The characters depicted in the novel are real life historical figures, and quite a few did not make it before the Armistice. I was surprised to see old mate Robert Graves in here, who actually suggested that Sassoon be committed into the hospital for being shell-shocked. I was surprised to know that this happened in real life, among many things in this book. Rivers, the psychiatrist, was also a real person who advanced the field of psychology at the time, especially in treating traumatised soldiers.

Image by Goodreads

I felt like there was no such thing as a plot here, although there are two focal characters — Sassoon and Rivers, but the chapters meander loosely to the soldiers and civilians around them. As such, the book is Barker’s attempt to portray the psychology of war at the epoch, and though the book is short, she covers a lot of ground. Should the war be fought on moral grounds? Rivers and Sassoon spar every time, the former a pacifist who cannot see the purpose of it, as he publicly states in his letter; and the latter believing that the war must be fought for the next generation’s posterity. How do soldiers approach sex? We get to see a bit of this in Prior’s relationship with Sarah, who also has her own trauma from the war. Where does art fit in the war? The poets chat and tussle with each other on wordings of poems — real poems that have been published. To them, writing and poetry is not merely a means to rationalise, but also a cathartic necessity.

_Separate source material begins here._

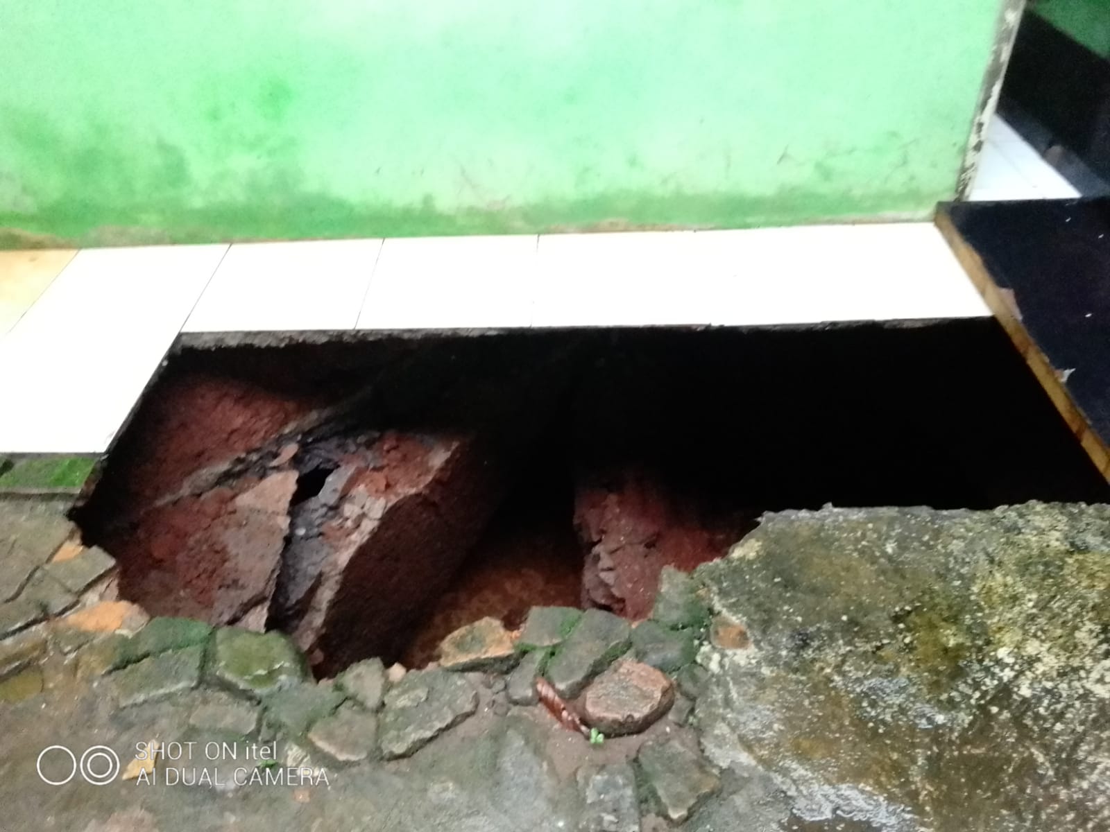 Rumah nenek Jenah (89) yang berada di Kampung Pedurenan RT 09/04, Kelurahan Jatiluhur, Kecamatan Jatiasih, Kota Bekasi, amblas.

Most importantly, the novel deals with trauma — deciphering each soldier’s colourful and singular issues, raking into their stories of how they just ‘lost it’. It is not an instant reaction of repulsion or an explosion of emotions which breaks down a soldier, but the wear and tear of the small unsurmountable challenges overtime — the shells in the night, the muddy boots, the endless rain, inevitable lack of sleep — that runs them down into what we know as a breakdown. Psychology is young at the time and Freud’s theories and practices are novel but highly regarded. On the other side of the coin, there are more extreme means. The novel deals wonderfully into the contradictory ethics of trying to heal a soldier, so that he may be sent away again to his death.

It is hard to read at times, but in general, the novel is drily writ. For such a heavy subject matter, I rarely felt the gravity. I suppose you’d need to read between the lines for that — the convalescent soldier, Burns, who wound up one night in the middle of nowhere, unable to wake from a dream. The screaming soldiers in the night, the seething rage over lost games of golf, the sexual frustration. And perhaps the novel suffered a little from this cold tone and the lack of focus.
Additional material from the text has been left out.